All the above methods have been widely used in GEI studies. However, the Additive Main effects and Multiplicative Interaction (AMMI) analysis method has gained popularity and is now widely preferred for GEI studies in sweetpotato (Manrique and Hermann, 2000; Grüneberg et al., 2005; Mbwaga et al., 2007; Mwololo et al., 2009; Osiru et al., 2009). The AMMI analysis gives a more appropriate statistical analysis of trials that may exhibit GEI. It incorporates both additive and multiplicative components into an integrated, powerful, least squares analysis and is the most appropriate when both the main effects and interactions are important (Freeman, 1985).

For graphical examination of the relationship among genotypes, test environments and GEI, AMMI biplots for interaction principal component analysis 1 (IPCA1) scores (y-axis) versus the genotype and environmental means (x-axis) or IPCA2 (y-axis) versus IPCA1 (x-axis) (Zobel et al., 1988) and the GGE (genotype main effect plus genotype by environment interaction) biplots (Yan et al., 2000) can be used. These are effective tools for (i) mega-environment analysis (“which won where” pattern) whereby specific genotypes can be recommended for specific mega environments (Yan and Kang, 2003; Yan and Tinker, 2006), and (ii) genotype evaluation (the mean performance and stability) and environment evaluation (the power to discriminate among genotypes in the target environments) (Ding et al., 2007).

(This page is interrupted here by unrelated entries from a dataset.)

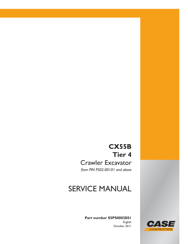 CASE CX55B Tier 4 Crawler Excavator Service Manual PIN PS02-00101 and Above
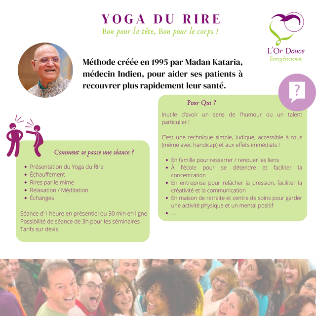 Déroulement : échauffement, exercices de rire, relaxation/méditation
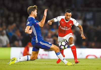 The Gunners were 1-0 up in the 11th minute when Alexis Sanchez robbed center-back Gary Cahill and chipped the ball over goalkeeper Thibaut Courtois.
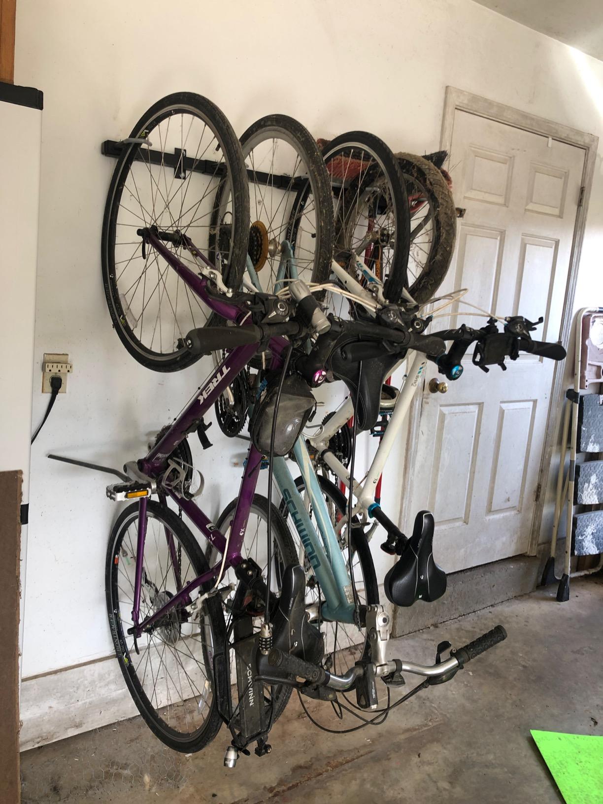 using it to hold up 4 bikes, width of studs in the garage made it harder to do 5 (luckily I really only need it to hold 4) – people complaining that it can’t hold more than 3 – you need to alternate hanging via front and back wheels to get the handlebars out of the way.
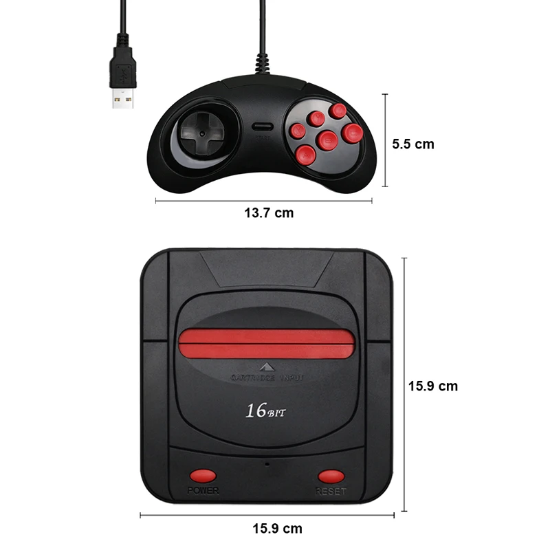 Retro Game Supports HMDI Output Latest version of the gamepad, do you feel very retro with childhood taste? I guess the answer must be! Our design philosophy starts from the trend and trend of the times, and widely accepts the opinions of customers to introduce this control handle for everyone! The improved version of the handle design makes the two gamepads look simpler and more elegant, giving the gamer a retro feel. The console is 16 bit with 2 gamepads, support HDMI output.

1.11.1 AMMI stability value

Since the AMMI model does not directly make provision for a quantitative stability measure, Purchase et al. (2000) developed the AMMI stability value (ASV) based on the IPCA1 and IPCA2 scores for each genotype. The ASV is the distance from zero to each co-ordinate point (i.e. the hypotenuse) in a two dimension scattergram of IPCA1 versus IPCA2 scores and is determined using the Pythagoras’ theorem. Due to the higher contribution of the IPCA1 axis to the GEI SS than the IPCA2 axis, the IPCA1 score is weighted by the ratio of IPCA1 SS to IPCA2 SS in the calculation of the ASV. The lower the ASV, the higher the stability ranking of the genotype. However, in selecting preferred cultivars, stability per se is not the only parameter considered since the most stable cultivars are not necessarily the best performers for the trait of interest. Therefore, the genotype selection index (GSI) was developed.

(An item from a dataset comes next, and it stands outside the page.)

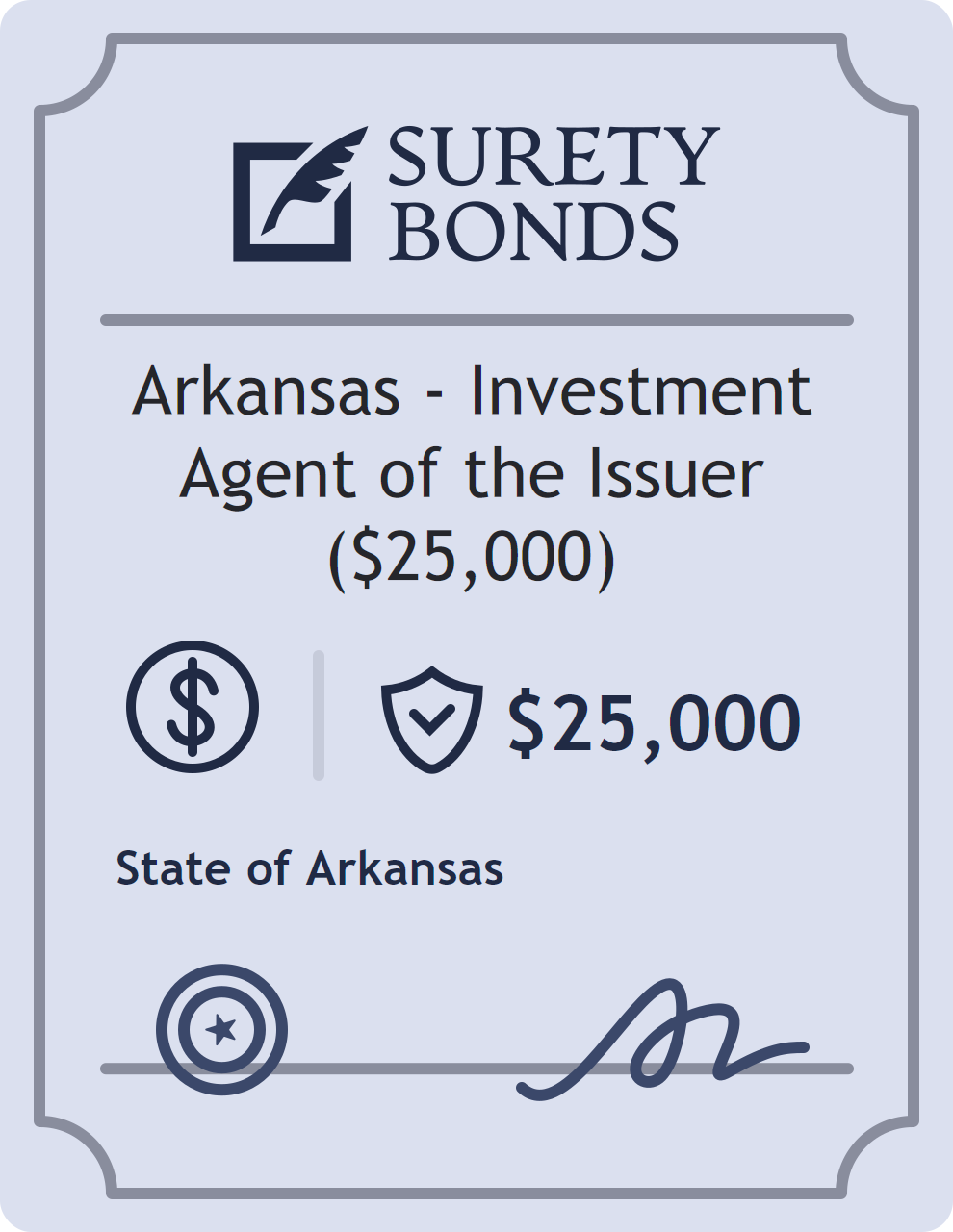 The Arkansas – Investment Agent of the Issuer ($25,000) is classified as a Financial Services Bonds with a $25,000 obligation in Arkansas. Financial Services Bonds are surety bonds designed for businesses in the financial industry, including brokers, lenders, and other financial institutions. These bonds guarantee compliance with financial regulations and provide protection against misconduct or fraud. The surety reviews financial strength, compliance history, and indemnity support before approving the obligation. Maintaining uninterrupted coverage for the entire 1 Year term is essential; lapses can trigger penalties, contract defaults, or license suspension in Arkansas. Underwriters typically request financial statements, references, and proof of licensing before quoting terms so they can evaluate repayment capacity. Throughout the bond term, the principal must maintain accurate books, respond to regulator inquiries, and remediate any complaints to prevent a claim. Many authorities in Arkansas also require renewal certificates 30 to 60 days in advance, and failure to provide proof can halt permitting or bid submissions. The $25,000 limit demonstrates to customers, partners, and oversight agencies that the bonded party maintains a reliable, surety-backed source of funds dedicated to ongoing compliance. The obligee for this bond is State of Arkansas.

1.11.2 Genotype selection index

The genotype selection index (GSI) incorporates both the mean performance and stability of a cultivar for a particular trait into a single index (Farshadfar, 2008). The GSI combines the ASV rank for a particular genotype and the mean performance rank of the genotype in each

environment. For example, a genotype with the lowest ASV for a trait is ranked one and a genotype with the best mean performance for a trait (e.g. yield) is ranked one. The ranks for each genotype are added together providing a single selection index, the GSI, for trait performance and stability. The genotype with the smallest GSI is considered the most desirable combining stability and high mean performance for the trait.